On Mon, Jan 31, 2022 at 9:40 AM Guido van Rossum <guido@python.org> wrote:
Where does it say that a review gives you points? The GitHub blog post I saw about the subject only mentions commits.
On Mon, Jan 31, 2022 at 8:16 AM Brian Curtin <brian@python.org> wrote:
On Sun, Jan 30, 2022 at 8:42 AM Mats Wichmann <mats@wichmann.us> wrote:
On 1/30/22 04:45, Inada Naoki wrote:
On Sun, Jan 30, 2022 at 7:37 PM Irit Katriel < iritkatriel@googlemail.com> wrote:
Some people may do "approval without review" to make their "Profile" page richer, because GitHub counts it as a contribution. Creating spam issues or pull requests can be reported as spam very easily. But "approve without review" is hard to be reported as spam. So approving random issue is the most easy way to earn contributions without reported as spam.

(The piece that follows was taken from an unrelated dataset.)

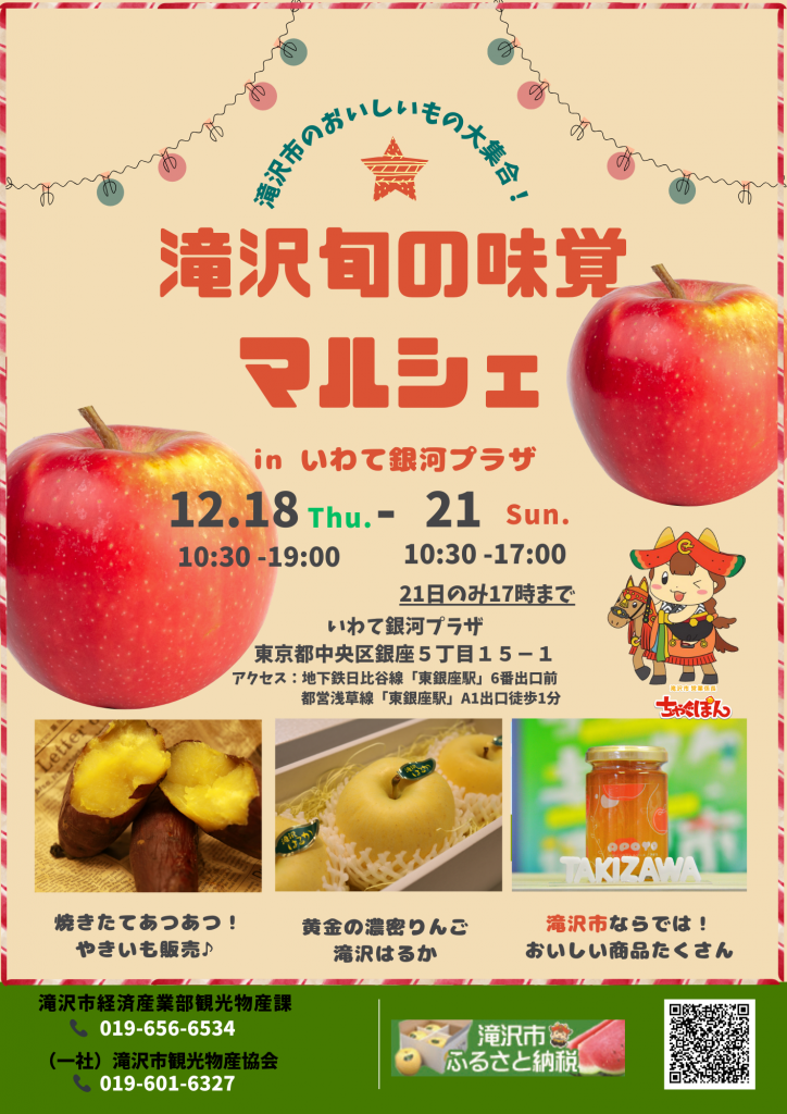 東京銀座にある岩手県のアンテナショップ『いわて銀河プラザ』にて、 12月18日(木)~21日(日)まで『滝沢旬の味覚マルシェ』が開催されます!

Whnever there are metrics, some will find a way to game the system to make theirs look better - this certainly isn't limited to github, or to tech, or in any way a recent thing.
Certainly true, and I think this is more of a social problem than a technical one. If people are giving out review approvals to get more points, you (where 'you' is a person with some privileges on the repo) can click "dismiss review" and get rid of the noise, at least within that PR. Maybe they still get points for the review, I'm not sure. Taking away the ability for non-core contributors to offer official review approvals to stop people like that only harms the people actually trying to do good work.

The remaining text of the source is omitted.